Ни одно зрелище еще не затрагивало Теона так глубоко. В небе над замком сквозь редкие облака виднелся красный хвост кометы. Маллистеры всю дорогу от Риверрана до Сигарда спорили о том, что она предвещает. «Это моя комета», — сказал себе Теон, просунув руку под плащ на меху. В его кармане, в кошельке из промасленной кожи, лежало письмо от Робба Старка — бумага, чья ценность равнялась короне.
— Узнаете ваш замок, милорд? Он остался таким же, как вам запомнился? — спросила дочь капитана, прильнув к нему сбоку.
— Теперь он кажется меньше, чем был, — признался Теон, — но это, возможно, из-за расстояния. — «Мариам» — пузатая торговая шхуна из Староместа, везущая вино, ткани и зерно в обмен на железную руду, а капитан ее — пузатый южанин. Суровое море, бьющее в подножие замка, заставляет его толстые губы трястись, и он держится от земли дальше, чем хотелось бы Теону. Капитан с островов на своей ладье прошел бы вдоль самых утесов, под высоким мостом, соединяющим воротную башню с Большим замком. Юмсаниа не смог отважиться на такое, остался на безопасном расстоянии, и Теону приходится довольствоваться видом Пайка издали. «Мариам» даже и теперь приходится лавировать, чтобы не угодить на скалы.
— Тут, должно быть, очень ветрено, — заметила дочь капитана.
— Ветрено, холодно и сыро, — засмеялся Теон. — Незавидное место, по правде сказать… но мой лорд-отец говорил мне, что в суровых местах растут суровые люди, а суровые люди правят миром.
Капитан, сам зеленый как море, подошел к ним и спросил с поклоном:
— Можем ли мы теперь идти в порт, милорд?
— Можете, — с легкой улыбкой на губах ответил Теон. Обещанное им золото сделало из южанина льстивого раба. Путешествие получилось бы совсем другим, если бы в Сигарде Теона, как он надеялся, ждала ладья с островов. Железные капитаны горды, обладают несгибаемой волей и к знатности почтения не питают. Острова слишком малы, чтобы поклоняться кому-то, а ладья и того меньше. Если каждый капитан, как принято говорить, — король на своем корабле, неудивительно, что острова называют страной десяти тысяч кораблей. А когда ты видишь, как твой король срет на борт и зеленеет во время бури, тебе трудно преклонять колено и притворяться, что перед тобой бог. «Людей создает Утонувший Бог, — сказал несколько тысяч лет назад старый король Уррен Красная Рука, — но короны создают сами люди».

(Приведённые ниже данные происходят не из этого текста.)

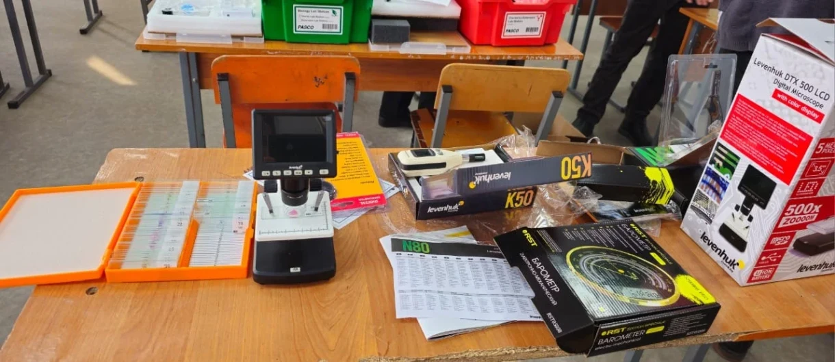 Учебно-лабораторное оборудование, полученное школами, включает 25 комплектов на каждую школу, что позволяет проводить исследования по различным предметам. В итоге было поставлено 5 500 комплектов оборудования, а также 220 интерактивных панелей и столько же ноутбуков.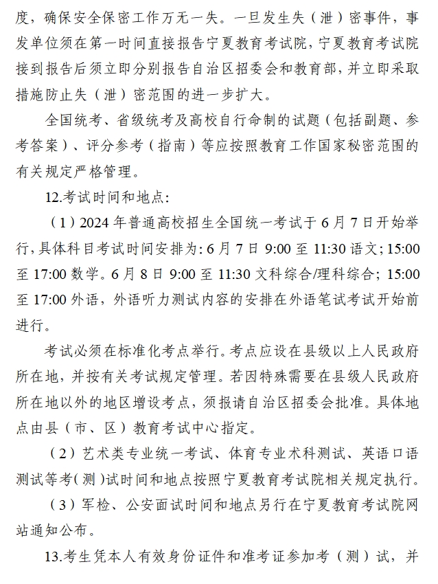 文章来源:宁夏教育考试院 宁夏回族自治区2024年普通高等学校招生规定

Притом у ладьи на дорогу ушло бы вполовину меньше времени. «Мариам», по правде сказать, — просто корыто, и Теону не хотелось бы оказаться на ней во время шторма. Впрочем, жаловаться ему особенно не на что. Он жив-здоров, не утонул, и в этом путешествии были свои прелести. Он обнял девушку одной рукой и сказал ее отцу:
— Извести меня, когда придем в Лордпорт. Мы будем внизу, в моей каюте. — И он увел девушку на корму, а отец угрюмо посмотрел им вслед.
Каюта, собственно, принадлежала капитану, но он отдал ее в распоряжение Теона, когда они отплыли из Сигарда. Дочь свою он, правда, гостю не предоставил, но она легла к Теону в постель по доброй воле. Чаша вина, немного тихих слов — и готово. Девица казалась пухловатой на его вкус и вся покрыта веснушками, но ее груди хорошо ложились ему в ладони, и она была девственницей, когда он ее взял. Не совсем обычно в ее возрасте, но хорошо для разнообразия. Капитан этого явно не одобрял, и Теону забавно было смотреть, как тот подавляет свое бешенство, рассыпаясь в любезностях перед знатным лордом. Обещанный кошель с золотом никогда не покидал капитанских мыслей.
Теон сбросил мокрый плащ, и девушка сказала:
— Как вы, должно быть, рады вернуться домой, милорд. Сколько же лет вас не было?
— Десять или около того. Я был десятилетним мальчишкой, когда меня увезли в Винтерфелл и отдали на воспитание Эддарду Старку. — Воспитанник по названию, заложник по сути. Полжизни в заложниках… но теперь этому конец. Он снова распоряжается собственной жизнью, и ни одного Старка вокруг. Он привлек к себе капитанскую дочь и чмокнул ее в ухо. — Снимай плащ.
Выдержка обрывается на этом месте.